◆ Exercise directions:
Within the listing that follows, state how many lines include the word "take"; write only that number.

◆ Provided records:
-*-*-

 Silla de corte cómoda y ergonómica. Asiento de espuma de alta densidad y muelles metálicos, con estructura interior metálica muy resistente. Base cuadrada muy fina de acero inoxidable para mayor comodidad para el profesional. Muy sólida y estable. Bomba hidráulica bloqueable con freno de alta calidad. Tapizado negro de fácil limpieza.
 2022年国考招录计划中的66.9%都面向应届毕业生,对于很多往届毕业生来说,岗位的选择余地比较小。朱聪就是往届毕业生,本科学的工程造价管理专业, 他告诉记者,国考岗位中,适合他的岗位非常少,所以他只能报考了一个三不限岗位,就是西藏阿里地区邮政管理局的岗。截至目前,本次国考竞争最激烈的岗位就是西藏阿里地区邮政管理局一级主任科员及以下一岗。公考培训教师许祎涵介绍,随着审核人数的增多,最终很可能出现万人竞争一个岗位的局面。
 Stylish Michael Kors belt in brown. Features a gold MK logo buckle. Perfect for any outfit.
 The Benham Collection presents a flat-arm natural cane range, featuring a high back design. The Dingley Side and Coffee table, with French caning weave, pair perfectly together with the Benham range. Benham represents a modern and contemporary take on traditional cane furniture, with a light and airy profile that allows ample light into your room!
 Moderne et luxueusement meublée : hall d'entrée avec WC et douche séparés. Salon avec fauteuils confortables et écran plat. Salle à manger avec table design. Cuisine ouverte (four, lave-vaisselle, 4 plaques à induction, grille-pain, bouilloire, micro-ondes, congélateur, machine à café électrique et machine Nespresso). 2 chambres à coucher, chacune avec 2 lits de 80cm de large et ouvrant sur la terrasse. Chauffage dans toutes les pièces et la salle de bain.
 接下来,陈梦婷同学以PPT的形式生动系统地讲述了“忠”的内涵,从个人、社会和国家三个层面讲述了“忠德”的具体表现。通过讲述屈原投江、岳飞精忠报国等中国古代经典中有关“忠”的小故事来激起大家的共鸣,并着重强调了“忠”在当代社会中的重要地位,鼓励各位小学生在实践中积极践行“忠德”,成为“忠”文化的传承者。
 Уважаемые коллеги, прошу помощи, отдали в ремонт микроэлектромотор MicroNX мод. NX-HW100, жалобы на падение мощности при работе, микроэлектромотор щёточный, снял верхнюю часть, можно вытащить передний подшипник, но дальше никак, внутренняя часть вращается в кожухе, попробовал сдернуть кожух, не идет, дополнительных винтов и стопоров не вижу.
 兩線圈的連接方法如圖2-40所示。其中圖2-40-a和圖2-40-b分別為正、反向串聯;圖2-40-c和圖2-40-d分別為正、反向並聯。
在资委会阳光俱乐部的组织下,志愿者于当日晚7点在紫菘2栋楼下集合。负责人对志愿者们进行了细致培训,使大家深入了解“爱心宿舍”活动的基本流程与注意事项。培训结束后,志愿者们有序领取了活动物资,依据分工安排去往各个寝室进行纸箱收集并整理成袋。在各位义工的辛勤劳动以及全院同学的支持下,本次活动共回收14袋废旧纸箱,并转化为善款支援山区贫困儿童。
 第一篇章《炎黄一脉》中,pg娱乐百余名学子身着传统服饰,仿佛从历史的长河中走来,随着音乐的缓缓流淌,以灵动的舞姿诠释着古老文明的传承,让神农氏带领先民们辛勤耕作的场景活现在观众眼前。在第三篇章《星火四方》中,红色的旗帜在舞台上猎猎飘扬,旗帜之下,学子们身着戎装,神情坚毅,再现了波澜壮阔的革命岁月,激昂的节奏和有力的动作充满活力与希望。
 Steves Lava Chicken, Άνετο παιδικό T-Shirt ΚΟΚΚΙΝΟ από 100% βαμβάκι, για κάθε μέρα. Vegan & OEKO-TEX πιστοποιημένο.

-*-*-

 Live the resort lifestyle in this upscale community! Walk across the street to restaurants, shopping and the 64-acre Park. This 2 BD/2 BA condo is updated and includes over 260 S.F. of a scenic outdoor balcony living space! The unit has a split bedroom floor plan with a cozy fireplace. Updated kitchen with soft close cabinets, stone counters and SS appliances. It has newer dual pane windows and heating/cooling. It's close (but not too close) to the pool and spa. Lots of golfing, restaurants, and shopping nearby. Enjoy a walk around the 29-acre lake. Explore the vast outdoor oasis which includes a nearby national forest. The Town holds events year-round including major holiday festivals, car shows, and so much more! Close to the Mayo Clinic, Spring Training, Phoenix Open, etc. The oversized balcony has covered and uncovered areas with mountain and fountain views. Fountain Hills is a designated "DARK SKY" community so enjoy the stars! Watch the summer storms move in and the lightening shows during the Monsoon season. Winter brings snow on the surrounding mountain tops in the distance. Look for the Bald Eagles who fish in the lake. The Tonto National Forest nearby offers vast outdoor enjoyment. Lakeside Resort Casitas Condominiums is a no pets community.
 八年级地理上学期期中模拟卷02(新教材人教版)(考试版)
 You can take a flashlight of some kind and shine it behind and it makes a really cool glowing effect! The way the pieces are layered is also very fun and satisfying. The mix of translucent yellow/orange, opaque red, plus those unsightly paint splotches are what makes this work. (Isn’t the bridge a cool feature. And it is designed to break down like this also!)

-*-*-

◆ Reply to the exercise:
2